Fei a expliqué que les applications n'accèdent pas toujours directement à la blockchain. Elles s'appuient plutôt sur des intermédiaires tels que les nœuds RPC, au lieu d'utiliser les données brutes de la chaîne. Cette approche est nécessaire pour Ethereum et d'autres blockchains plus anciennes, qui ne sont plus accessibles directement à la plupart des applications. 

Avec des données disponibles en quantité limitée, un pont ne peut s'appuyer que sur un petit nombre de nœuds RPC. Si certaines sources sont compromises ou indisponibles, l'application risque de fonctionner avec des données erronées, même si la chaîne sous-jacente continuera de considérer les transactions comme valides.

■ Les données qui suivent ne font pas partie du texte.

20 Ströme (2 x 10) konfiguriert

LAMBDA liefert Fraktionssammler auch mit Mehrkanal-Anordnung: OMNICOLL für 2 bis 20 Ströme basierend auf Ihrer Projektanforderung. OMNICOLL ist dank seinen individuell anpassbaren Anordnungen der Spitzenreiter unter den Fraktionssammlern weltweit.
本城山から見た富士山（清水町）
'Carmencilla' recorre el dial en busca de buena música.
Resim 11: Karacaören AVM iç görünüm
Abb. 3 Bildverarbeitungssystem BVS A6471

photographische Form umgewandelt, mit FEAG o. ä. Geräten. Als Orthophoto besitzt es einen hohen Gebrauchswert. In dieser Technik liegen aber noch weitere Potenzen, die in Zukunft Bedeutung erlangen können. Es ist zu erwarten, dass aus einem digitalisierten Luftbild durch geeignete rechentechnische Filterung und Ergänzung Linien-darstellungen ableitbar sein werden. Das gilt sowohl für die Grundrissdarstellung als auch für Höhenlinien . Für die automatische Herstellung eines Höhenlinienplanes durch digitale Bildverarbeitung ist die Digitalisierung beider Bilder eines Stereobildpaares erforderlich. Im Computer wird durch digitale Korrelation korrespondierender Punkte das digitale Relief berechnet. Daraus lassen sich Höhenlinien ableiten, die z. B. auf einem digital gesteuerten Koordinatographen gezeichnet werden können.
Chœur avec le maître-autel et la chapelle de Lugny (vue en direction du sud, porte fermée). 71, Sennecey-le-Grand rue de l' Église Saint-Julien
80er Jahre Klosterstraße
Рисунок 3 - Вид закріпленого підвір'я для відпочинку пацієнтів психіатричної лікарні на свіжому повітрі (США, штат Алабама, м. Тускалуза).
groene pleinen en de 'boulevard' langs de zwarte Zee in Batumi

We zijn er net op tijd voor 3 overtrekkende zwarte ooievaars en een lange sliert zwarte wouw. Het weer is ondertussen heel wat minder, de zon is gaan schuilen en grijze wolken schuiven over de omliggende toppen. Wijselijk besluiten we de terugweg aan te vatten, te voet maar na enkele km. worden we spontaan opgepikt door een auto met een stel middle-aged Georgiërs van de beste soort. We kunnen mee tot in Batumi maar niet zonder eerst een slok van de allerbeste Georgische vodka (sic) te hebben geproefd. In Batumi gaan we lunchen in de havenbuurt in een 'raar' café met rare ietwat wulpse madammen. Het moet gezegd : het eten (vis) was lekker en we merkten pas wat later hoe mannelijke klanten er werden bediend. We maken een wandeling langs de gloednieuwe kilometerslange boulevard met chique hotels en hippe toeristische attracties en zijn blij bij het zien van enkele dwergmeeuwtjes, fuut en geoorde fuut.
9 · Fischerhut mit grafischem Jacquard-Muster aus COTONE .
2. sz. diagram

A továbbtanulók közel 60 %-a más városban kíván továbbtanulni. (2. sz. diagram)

La plupart des applications Web3 modernes n'accèdent pas directement à la chaîne de caractères, mais s'appuient sur des systèmes d'indexation pour récupérer les informations pertinentes. Or, ces index peuvent afficher des données erronées ou devenir un vecteur d'attaque direct. 

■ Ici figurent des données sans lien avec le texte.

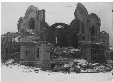
Widok soboru św. Aleksandra Newskiego w trakcie rozbiórki,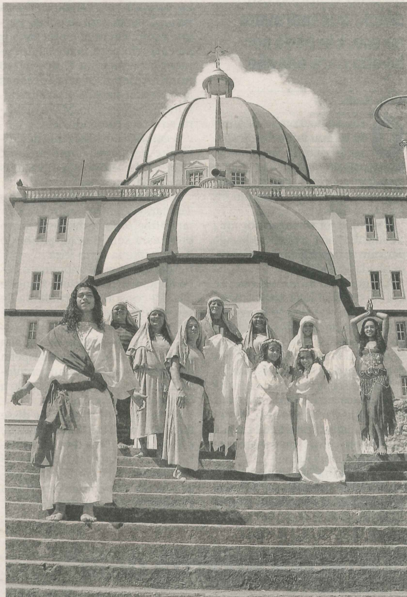
ATORES já estão ensaiando na escadaria da Basílica de Santo Antônio

Os moradores de Santo Antônio, Vitória, podem sugerir reportagens e reivindicar melhorias para o bairro. Basta que depositem as dicas na urna do projeto A Tribuna com Você , na Banca Valverde, no contorno de Santo Antônio.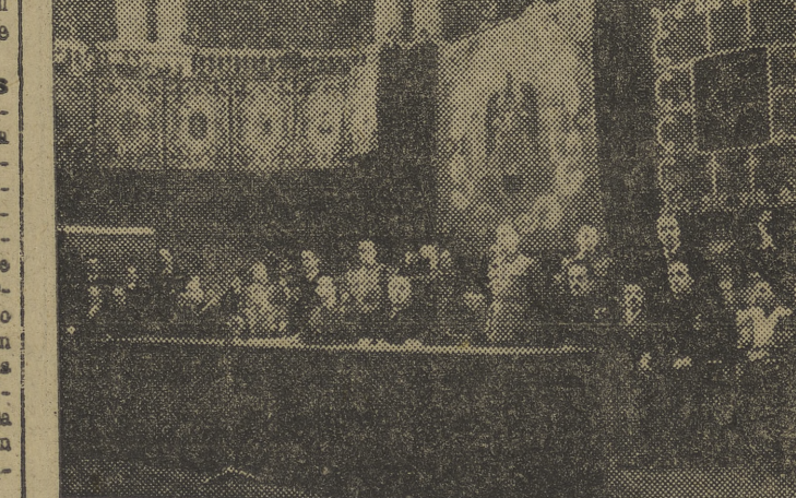
S. E. el Jefe del Estado, recibe en el Palacio Nacional de Montjuich el homenaje de los Ayuntamientos y Diputaciones de Cataluña.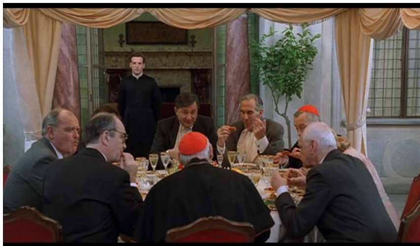
Kuva 4 ( Aamen )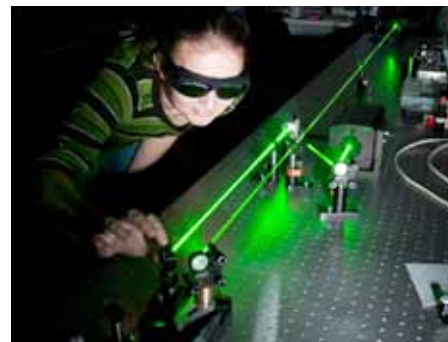
Rutinní, leč zajímavá práce v laboratoři: justování koutového odrazce

„V této oblasti dosahujeme opakovaně velmi dobrých výsledků a těšíme se i respektu zahraničních kolegů. Přesto u širší veřejnosti a mezi zájemci o studium tato skutečnost příliš známa není. Věříme, že podobná ocenění našich studentů zviditelní náš obor i skupinu kvantové informatiky a ukáží, že tu máme šikovné lidi a děláme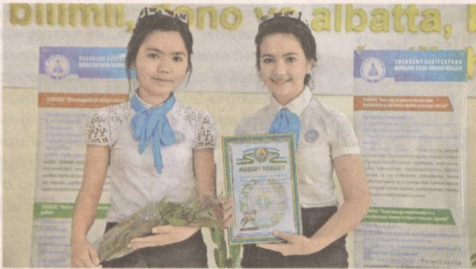
В нашей стране созданы все условия для гармоничного развития молодежи.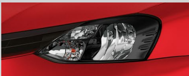
Faros oscurecidos. (1)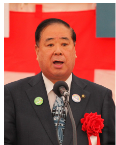
▲谷藤 裕明 盛岡市長 御礼の言葉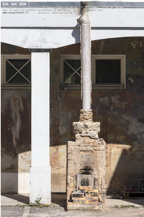
Extension d'un four – Sculpture - Ensemble de 4 sculptures, terre papier - 2 pièces dimensions : 220 x 25 cm - 1 pièce dimensions : 150 x 25 cm - 1 pièce dimensions : 120 x 25 cm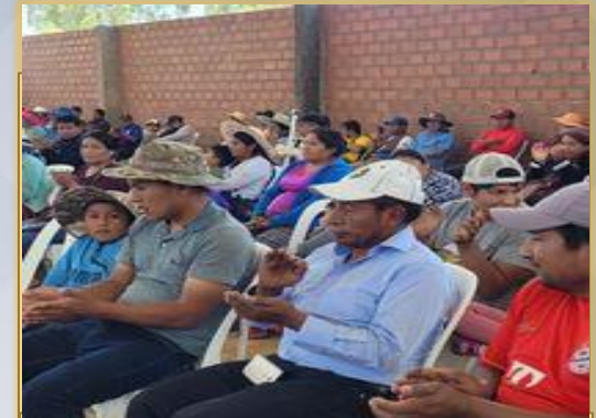
TALLER CONTRA LA VIOLENCIA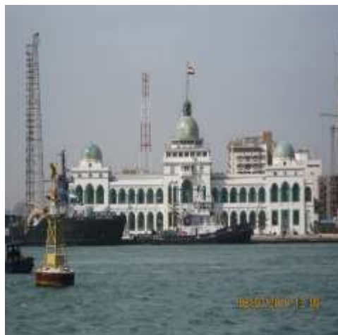
(لوحة ١٥) مبنى هيئة قناة السويس "القبة"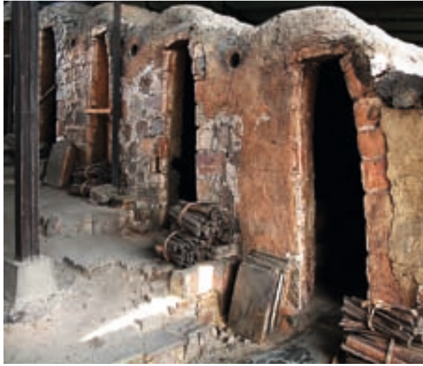
◀ Kawai Kanjiro kemencéje. Az egyik kamra belülről, valamint a kamrák sora kívülről a tüzeléshez előkészített fakötegekkel. Kawai háza és műhelye ma múzeum

(USC) részére, 1967-ben pedig háromkamrás kemencét épített saját stúdiójában.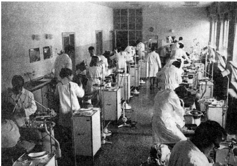
Slika 7: Praktični pouk na stomatološki klinik sredi petdesetih let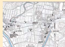
▲坪江地区での聞き取り結果

情報はまだまだ不足しています。皆さんの身近にある"お宝"の情報がありましたら、郷土歴史資料館までお知らせください。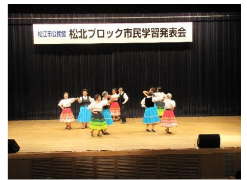
生馬フォークダンス教室

L'exploitation de la faille KelpDAO a pleinement révélé cette vulnérabilité. Le processus de vérification s'appuyait sur un nombre limité de sources RPC, et des attaquants en ont détourné certaines. Grâce à cette couche de données défectueuse, la blockchain a traité les transactions normalement et dépensé de véritables cryptomonnaies en échange d'un solde fictif. 

Le problème devient encore plus grave si l'on autorise les agents d'IA à agir sur la base d'une couche de données limitée et potentiellement erronée. 

Comment renforcer la sécurité du Web3 ? 

Le principal défaut de KelpDAO, du protocole Driftet d'autres piratages récents réside dans la rapidité d'exécution. La plupart des transactions étaient instantanées et finalisées dès le bloc suivant, sans délai ni vérification supplémentaire. Web3 a mis en avant sa capacité à effectuer des transactions rapides et sans autorisation, mais elle permet également aux pirates d'exécuter leurs attaques avec une grande rapidité.

« L’avenir de la sécurité du Web3 repose sur la rapidité. Nos données montrent que le piratage et le blanchiment d’argent sont rapides et peu coûteux, tandis que la réaction des équipes est lente et onéreuse », a commenté Vladyslav Syrotin, responsable des enquêtes chez Global Ledger, à Cryptopolitan.

Syrotin estime que les projets Web3 devraient réduire leur délai de détection afin de repérer les sorties de fonds inhabituelles, les baisses soudaines de liquidités ou les appels detracintelligents suspects.

Selon Syrotin, les alertes et les blocages devraient être automatisés en une seconde après une attaque, et les rapports aux victimes ainsi que l'étiquetage des données devraient être disponibles en 10 minutes. Actuellement, il faut des heures, voire des jours, pour évaluer les pertes totales et tracles groupes de portefeuilles des attaquants.

Syrotin a ajouté que même un délai plus long, avec des alertes de 30 secondes et un étiquetage en quatre heures, peut aider à prévenir environ la moitié desdentet à réduire les pertes.